*** Block opens ***

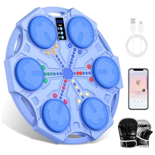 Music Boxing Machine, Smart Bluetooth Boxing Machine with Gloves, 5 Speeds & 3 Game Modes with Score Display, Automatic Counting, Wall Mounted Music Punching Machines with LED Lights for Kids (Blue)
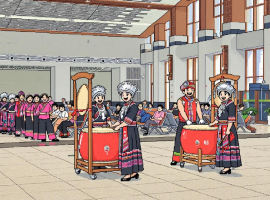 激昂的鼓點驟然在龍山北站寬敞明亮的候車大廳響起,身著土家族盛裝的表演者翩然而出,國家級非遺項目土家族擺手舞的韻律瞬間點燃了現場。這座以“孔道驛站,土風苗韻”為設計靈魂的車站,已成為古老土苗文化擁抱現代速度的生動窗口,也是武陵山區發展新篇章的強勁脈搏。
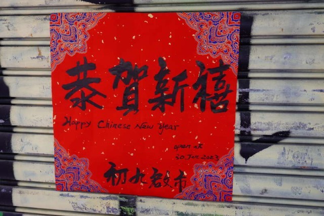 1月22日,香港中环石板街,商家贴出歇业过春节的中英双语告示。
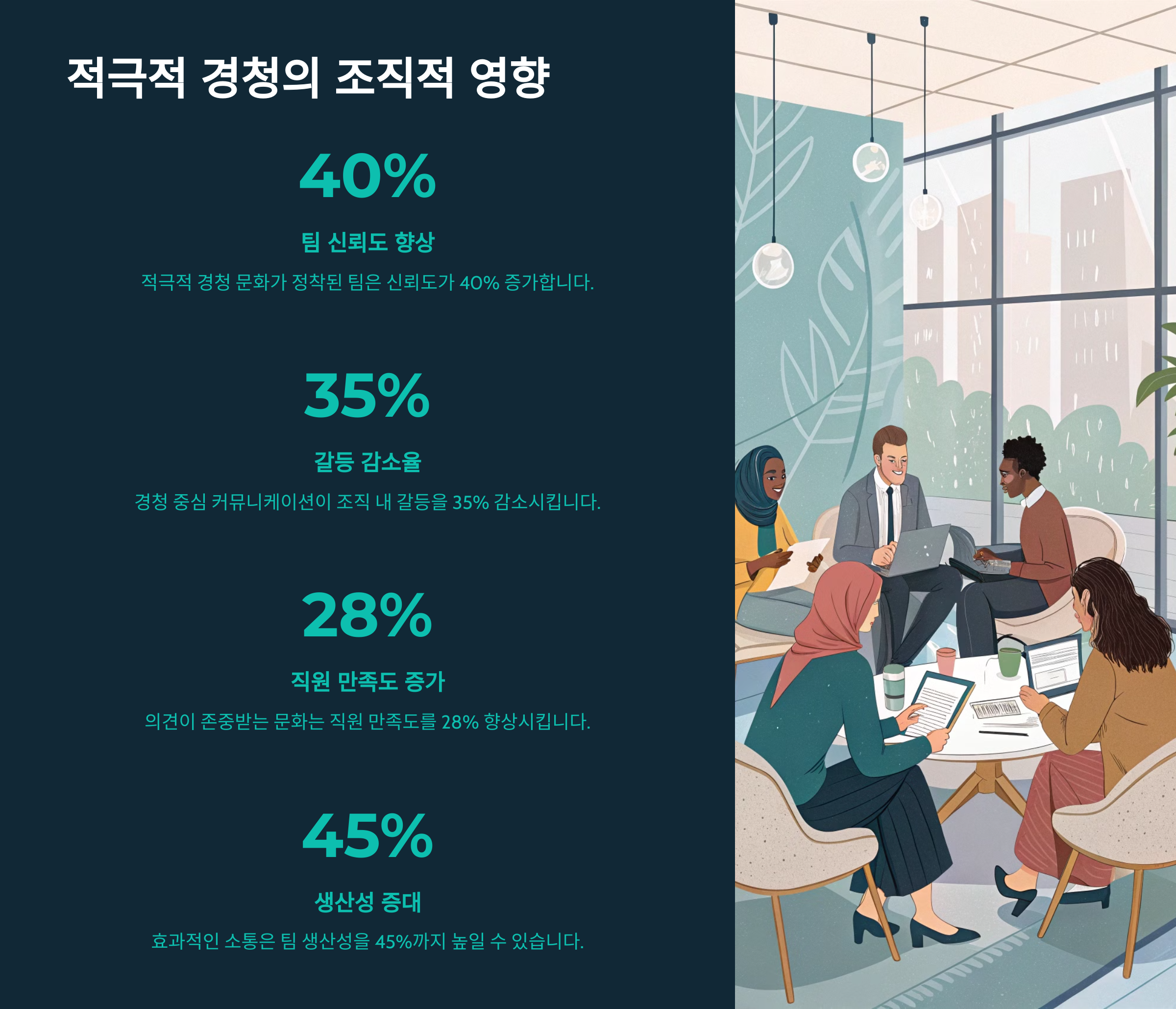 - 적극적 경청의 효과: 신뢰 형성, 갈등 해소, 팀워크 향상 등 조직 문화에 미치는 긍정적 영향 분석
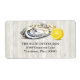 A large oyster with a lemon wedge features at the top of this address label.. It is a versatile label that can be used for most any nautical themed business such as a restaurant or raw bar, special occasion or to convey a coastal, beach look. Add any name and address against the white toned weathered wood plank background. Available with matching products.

*** Block closes ***

## Instructions for the task
Would you set down the records above once more, exactly, with the pictures removed?

## Finished exercise
 Music Boxing Machine, Smart Bluetooth Boxing Machine with Gloves, 5 Speeds & 3 Game Modes with Score Display, Automatic Counting, Wall Mounted Music Punching Machines with LED Lights for Kids (Blue)
 激昂的鼓點驟然在龍山北站寬敞明亮的候車大廳響起,身著土家族盛裝的表演者翩然而出,國家級非遺項目土家族擺手舞的韻律瞬間點燃了現場。這座以“孔道驛站,土風苗韻”為設計靈魂的車站,已成為古老土苗文化擁抱現代速度的生動窗口,也是武陵山區發展新篇章的強勁脈搏。
 1月22日,香港中环石板街,商家贴出歇业过春节的中英双语告示。
 - 적극적 경청의 효과: 신뢰 형성, 갈등 해소, 팀워크 향상 등 조직 문화에 미치는 긍정적 영향 분석
 A large oyster with a lemon wedge features at the top of this address label.. It is a versatile label that can be used for most any nautical themed business such as a restaurant or raw bar, special occasion or to convey a coastal, beach look. Add any name and address against the white toned weathered wood plank background. Available with matching products.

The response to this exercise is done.